The launch of Mulberry (Asia) Limited is a new business agreement with Challice Limited that will operate the group’s business in Hong Kong, China and Taiwan. It will start trading in Hong Kong next Monday with a subsidiary in China and a branch office in Taiwan expected to be operational during this year once its gets the relevant business licences for those territories.
The launch will also come along with “significant” marketing investment in North Asia.
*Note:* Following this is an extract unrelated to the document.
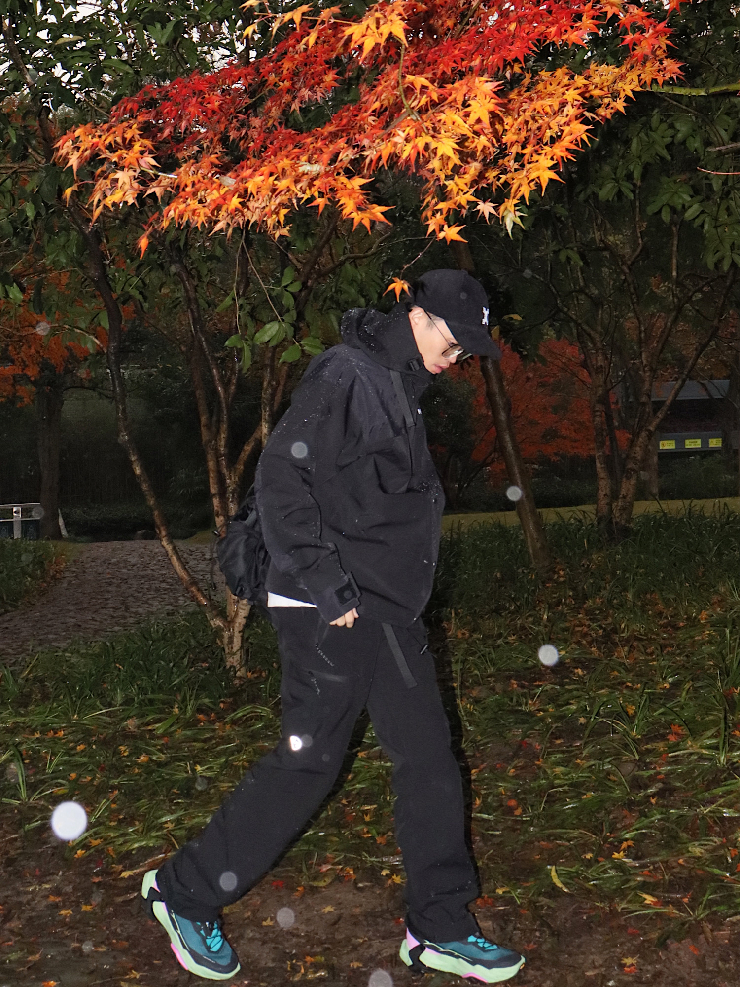 是永远都会心动的all black风! 如果只能选择一种穿搭风格的话 All black风永远都是我的首选 - 超高级的利落的冲锋衣内搭一件白T增加层次 配上一件同色系的休闲裤就会很有质感啦! - 超有未来感的撞色球鞋设计真的很戳我的心 亮眼的绿色+黑色+紫色等的碰撞真的很酷 而且它的鞋型设计比较炫酷 加上厚厚的立体鞋底 日常搭配起来运动潮酷感会比较重一些哦。

In addition to local marketing initiatives, Mulberry plans to invest around £3 million in additional support over the next two years.
As an immediate priority, the brand’s store network will be added to with a new location in Shanghai as well as the relocation of its existing stores in Hong Kong and Beijing.
Interestingly the new venture is not only aimed at increasing sales within Greater China but also increasing the awareness of the brand for the Chinese purchasing abroad.
Mulberry owns 60% of the share capital of the new venture with Challice holding the other 40%. Challice already owns 56% of Mulberry’s share capital and is under the same ultimate shareholder control as Mulberry’s ‘previous’ distributor in the region, Club 21.
It will initially operate four stores (two in China, one in Hong Kong and one in Taiwan) and manage the brand’s regional wholesale ops, which are supported by the group’s Chinese language mulberry.com site and omnichannel platform throughout the region.
Mulberry CEO Thierry Andretta said the firm sees significant growth opportunity in the region.